Grains close lower:
July Corn -3/4 cents/bu (5.54 1/2)
July Soybeans -26 cents/bu (13.07 1/4)
July Chi Wheat -6 3/4 cents/bu (6.05)
Cdn $ +0.00045 (74.105 cents)
WTI Crude Oil -0.15/barrel (71.71)
Despite starting the day off stronger, we saw grains and oilseeds turn to the path of least resistance heading into the weekend…lower.
Since last Friday all futures have taken a turn for the worse as momentum and speculators accentuated the drops…
July Corn lost 31 ¾ cents (biggest weekly drop since July 2022)
December Corn lost 9 cents
July Beans lost 82 ¾ cents (-6%, the most for any week since last July. Contract’s lowest settle since January 2022)
November Beans lost 63 ¼ cents
July Wheat lost 30 cents
This week’s headline recap…
- The Grain Corridor was set to expire on the 18th, but was renewed May 16th (Russia cried wolf again)
- The Kansas Wheat Tour showed the yield at 30bu/acre which is the lowest forecast since 2000 (also high abandonment rates)
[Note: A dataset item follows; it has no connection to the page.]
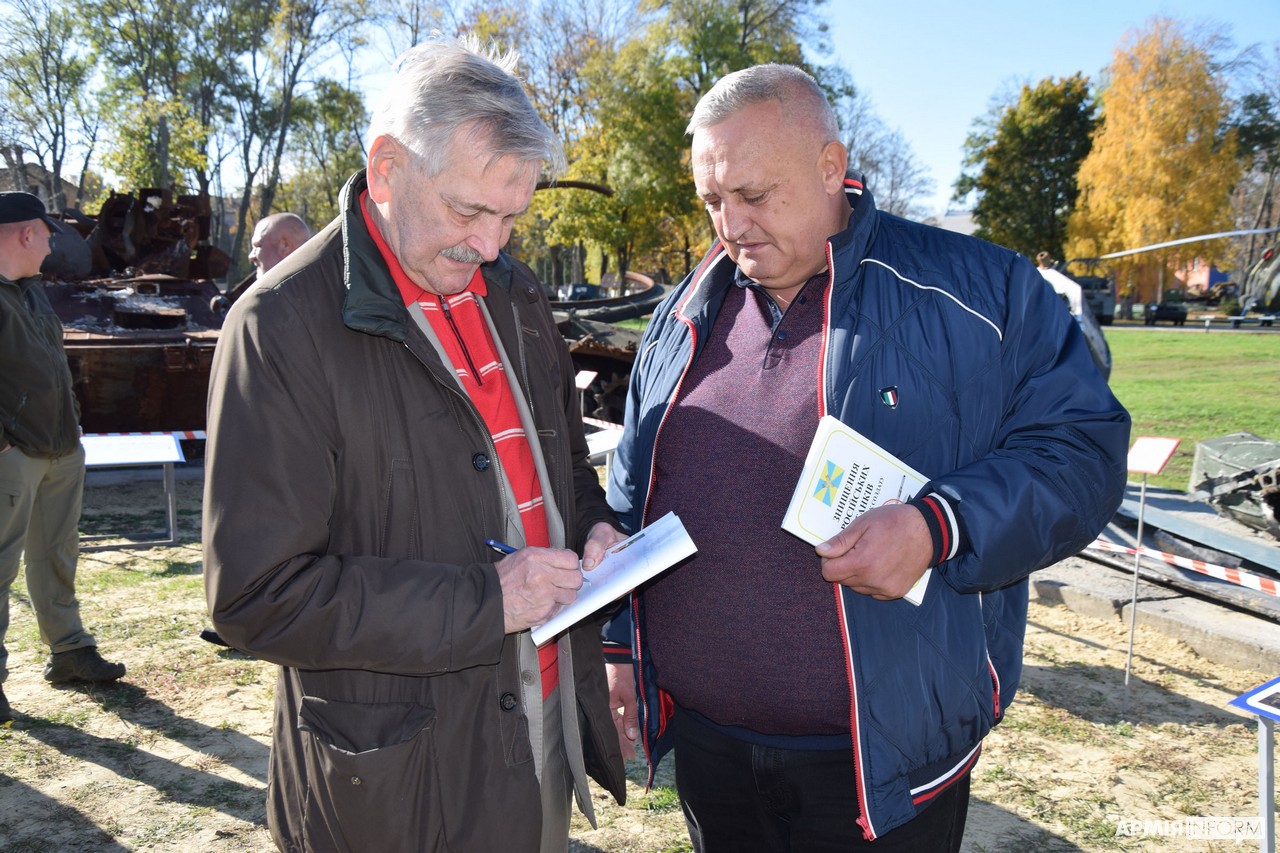 Так, на відкритому майданчику відвідувачам представили рашистську військову техніку, яку знищили та захопили воїни ЗСУ, — загалом 10 експонатів привезли з Тростянця, Охтирки, Гадяча та Київщини. Серед них — танк, гаубиця, бойова машина піхоти, бронетранспортер, рештки гелікоптера та хвостова частина літака СУ-25 СМ.

- Planting Progress chugs along and is expected to show another massive planting update on Monday. This Monday it pegged corn planting at 65% and beans at 49%.
- Desperately needed rains have fallen in the severe drought areas of the central Great Plains, while forecasts continue to favour a good U.S. growing season
- Fed Chair Jerome Powell's commented today about tightening credit and potential rate hikes
Funds were thought to have been all sellers today with corn expected to have sold 1,000 contracts (short 103,000), soybeans to have sold 7,000 contracts (short 1,000), and wheat to have sold 2,000 contracts (short 134,000). On Tuesday, funds were slightly shorter than expected with corn 29,000 contracts shorter, soybeans 4,000 contracts shorter and wheat 0 contracts shorter or longer.